TASK GOAL:
Both the line with "A parkbench at" and the line with "Hælhøjde: 4,5 cm" in the records below must appear in the output, along with every line between them, exactly and with nothing added.

*** Opening GIVEN RECORDS ***

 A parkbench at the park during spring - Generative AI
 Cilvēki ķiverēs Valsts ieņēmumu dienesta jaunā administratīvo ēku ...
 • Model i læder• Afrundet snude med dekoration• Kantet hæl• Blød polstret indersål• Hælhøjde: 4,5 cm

*** Closing GIVEN RECORDS ***
*** Opening GIVEN RECORDS ***

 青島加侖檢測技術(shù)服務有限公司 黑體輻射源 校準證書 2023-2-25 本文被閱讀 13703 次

*** Closing GIVEN RECORDS ***
*** Opening GIVEN RECORDS ***

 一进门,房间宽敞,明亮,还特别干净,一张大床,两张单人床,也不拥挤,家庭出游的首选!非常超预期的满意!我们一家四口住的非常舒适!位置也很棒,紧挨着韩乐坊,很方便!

*** Closing GIVEN RECORDS ***

ANSWER TO THIS EXERCISE:
 A parkbench at the park during spring - Generative AI
 Cilvēki ķiverēs Valsts ieņēmumu dienesta jaunā administratīvo ēku ...
 • Model i læder• Afrundet snude med dekoration• Kantet hæl• Blød polstret indersål• Hælhøjde: 4,5 cm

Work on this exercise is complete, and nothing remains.